◆ Brief
When the listing below reaches the line that has "Inside the walls, a", start reproducing exactly; stop after the line that has "Не выключая миксера, добавлять", and drop the pictures.

◆ Data for this exercise
◆ ◆ ◆
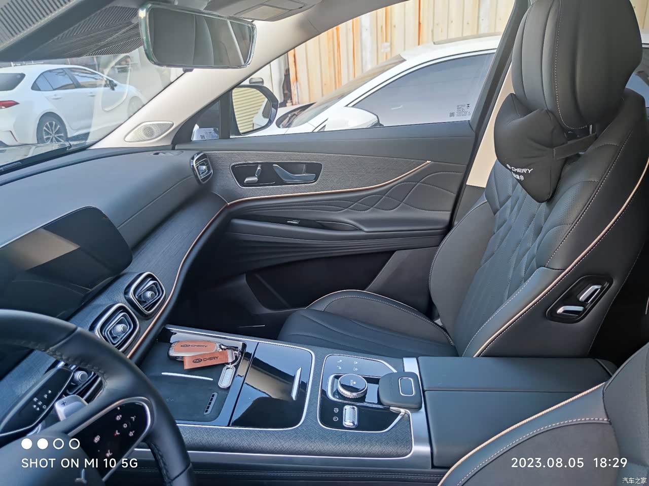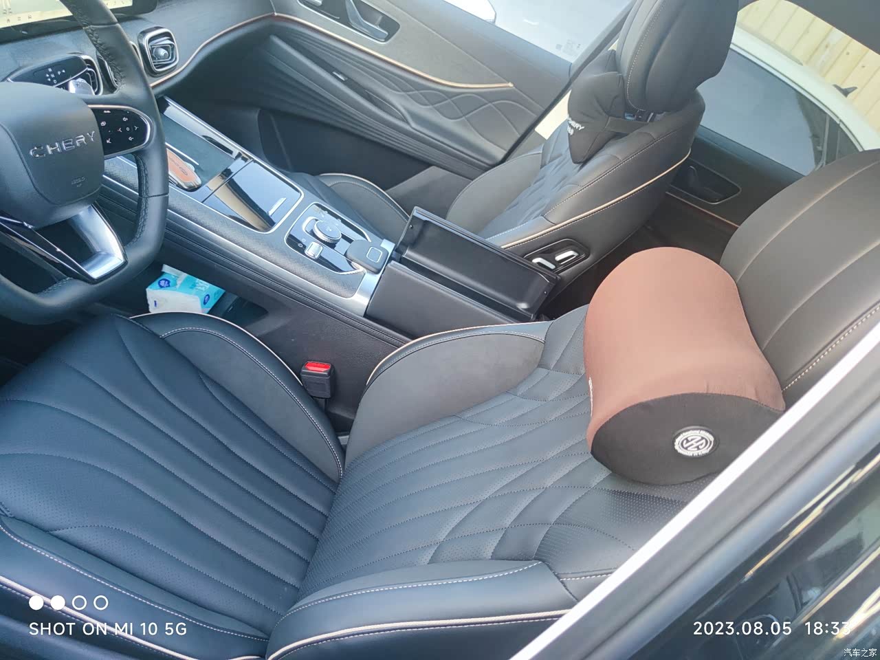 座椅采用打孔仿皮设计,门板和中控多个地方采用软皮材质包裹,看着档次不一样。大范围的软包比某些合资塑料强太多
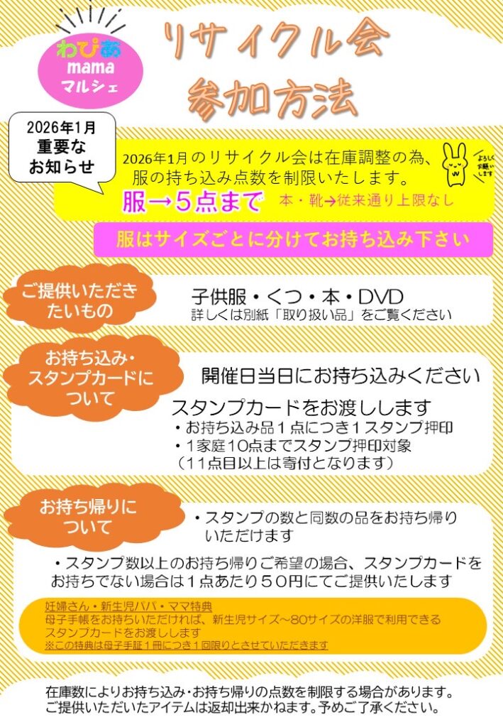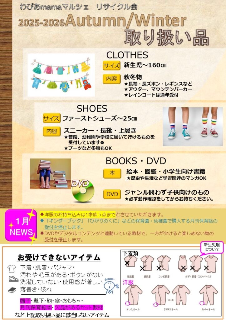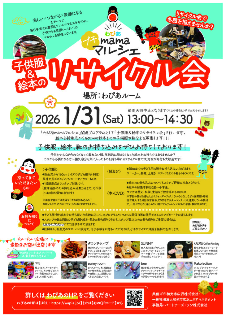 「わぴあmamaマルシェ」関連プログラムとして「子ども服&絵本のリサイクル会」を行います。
◆ ◆ ◆
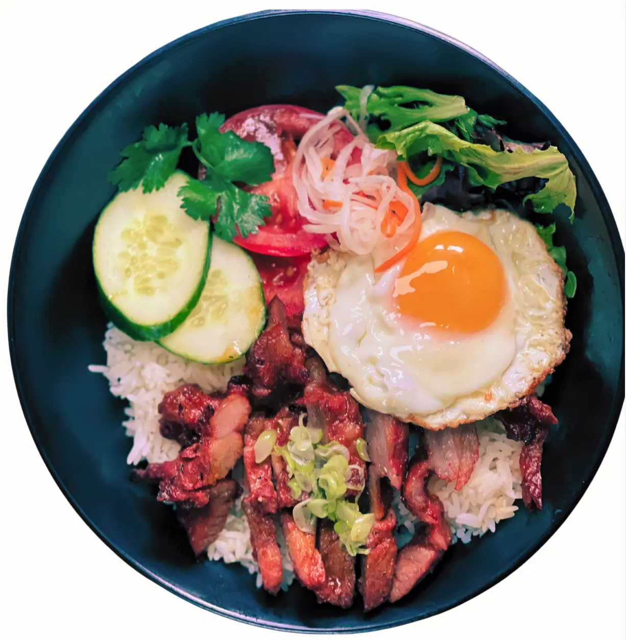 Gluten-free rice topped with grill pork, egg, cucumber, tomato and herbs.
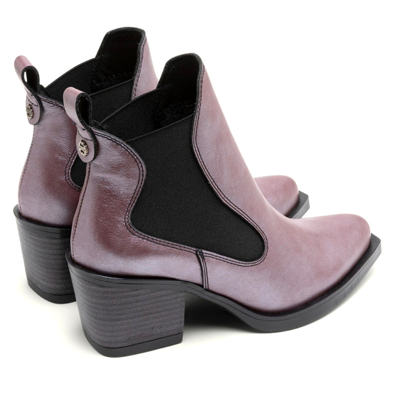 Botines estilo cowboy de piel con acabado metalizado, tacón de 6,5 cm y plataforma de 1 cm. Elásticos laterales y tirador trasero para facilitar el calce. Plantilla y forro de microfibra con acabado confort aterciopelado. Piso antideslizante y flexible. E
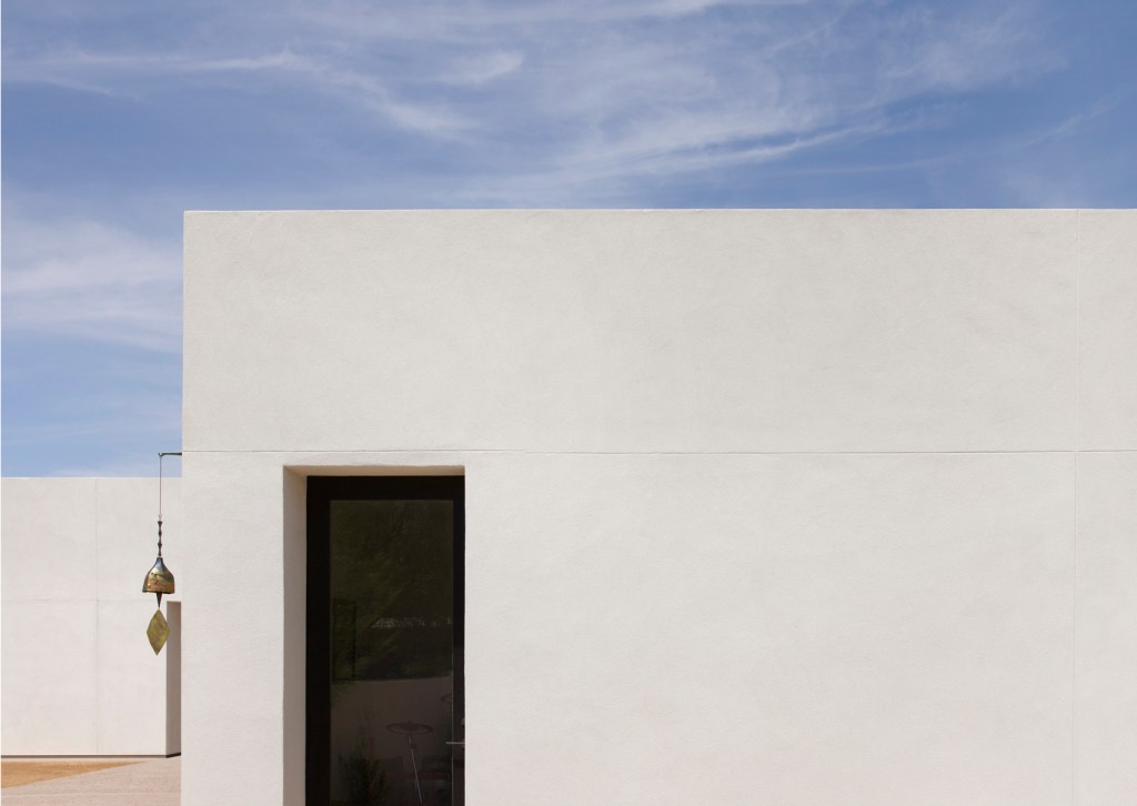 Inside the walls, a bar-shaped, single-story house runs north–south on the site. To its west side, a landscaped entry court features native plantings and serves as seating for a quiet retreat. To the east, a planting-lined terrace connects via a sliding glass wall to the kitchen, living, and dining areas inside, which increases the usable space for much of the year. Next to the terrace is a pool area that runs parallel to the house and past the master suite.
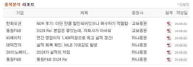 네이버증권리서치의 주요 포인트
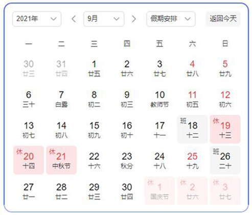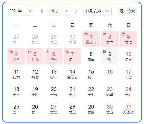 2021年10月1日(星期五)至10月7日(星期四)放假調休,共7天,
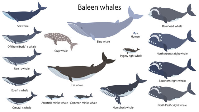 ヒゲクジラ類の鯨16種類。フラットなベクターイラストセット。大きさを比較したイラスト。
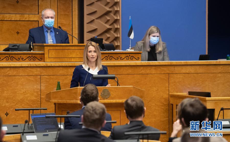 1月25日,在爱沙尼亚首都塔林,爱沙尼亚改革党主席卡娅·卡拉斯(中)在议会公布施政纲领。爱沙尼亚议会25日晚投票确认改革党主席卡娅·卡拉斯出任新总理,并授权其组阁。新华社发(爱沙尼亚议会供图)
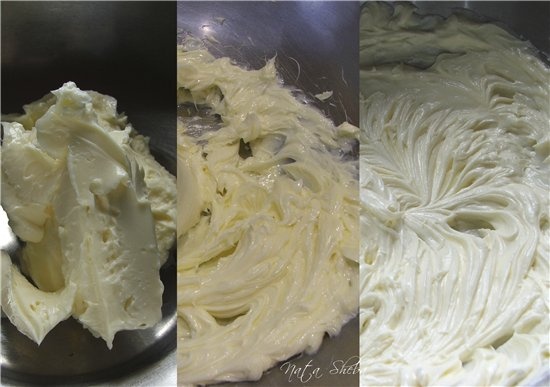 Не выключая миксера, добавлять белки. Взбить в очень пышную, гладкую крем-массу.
◆ ◆ ◆
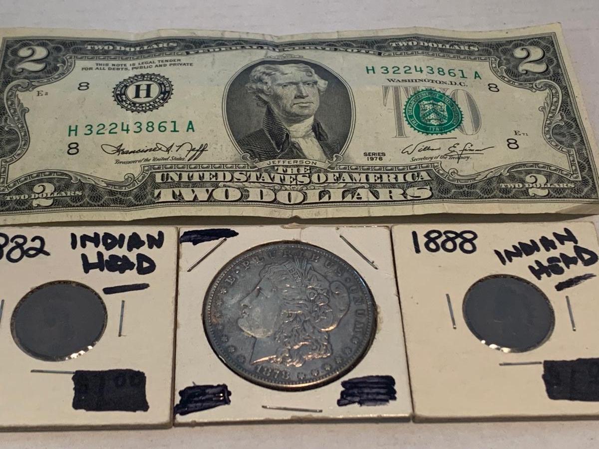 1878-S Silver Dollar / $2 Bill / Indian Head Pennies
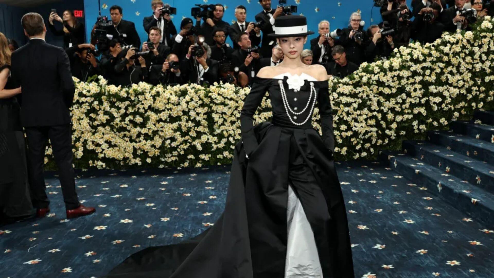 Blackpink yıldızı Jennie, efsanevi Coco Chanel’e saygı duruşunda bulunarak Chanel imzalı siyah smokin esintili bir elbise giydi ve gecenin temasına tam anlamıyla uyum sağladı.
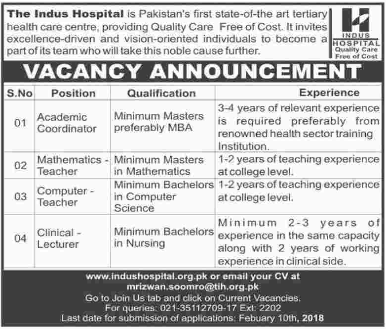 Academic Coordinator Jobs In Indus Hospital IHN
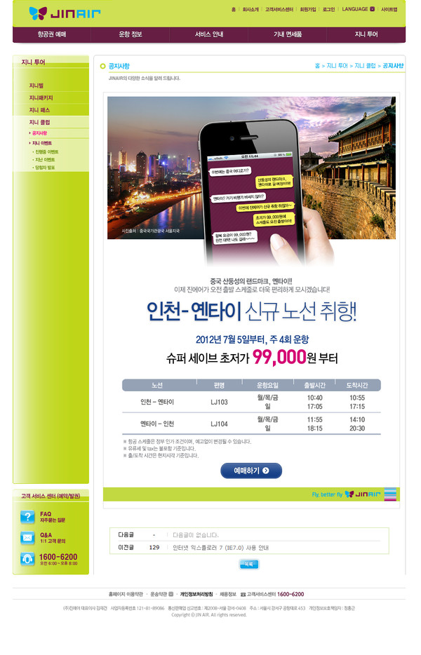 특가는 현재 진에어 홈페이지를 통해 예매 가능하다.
◆ ◆ ◆
◆ Output for this task
 Inside the walls, a bar-shaped, single-story house runs north–south on the site. To its west side, a landscaped entry court features native plantings and serves as seating for a quiet retreat. To the east, a planting-lined terrace connects via a sliding glass wall to the kitchen, living, and dining areas inside, which increases the usable space for much of the year. Next to the terrace is a pool area that runs parallel to the house and past the master suite.
 네이버증권리서치의 주요 포인트
 2021年10月1日(星期五)至10月7日(星期四)放假調休,共7天,
 ヒゲクジラ類の鯨16種類。フラットなベクターイラストセット。大きさを比較したイラスト。
 1月25日,在爱沙尼亚首都塔林,爱沙尼亚改革党主席卡娅·卡拉斯(中)在议会公布施政纲领。爱沙尼亚议会25日晚投票确认改革党主席卡娅·卡拉斯出任新总理,并授权其组阁。新华社发(爱沙尼亚议会供图)
 Не выключая миксера, добавлять белки. Взбить в очень пышную, гладкую крем-массу.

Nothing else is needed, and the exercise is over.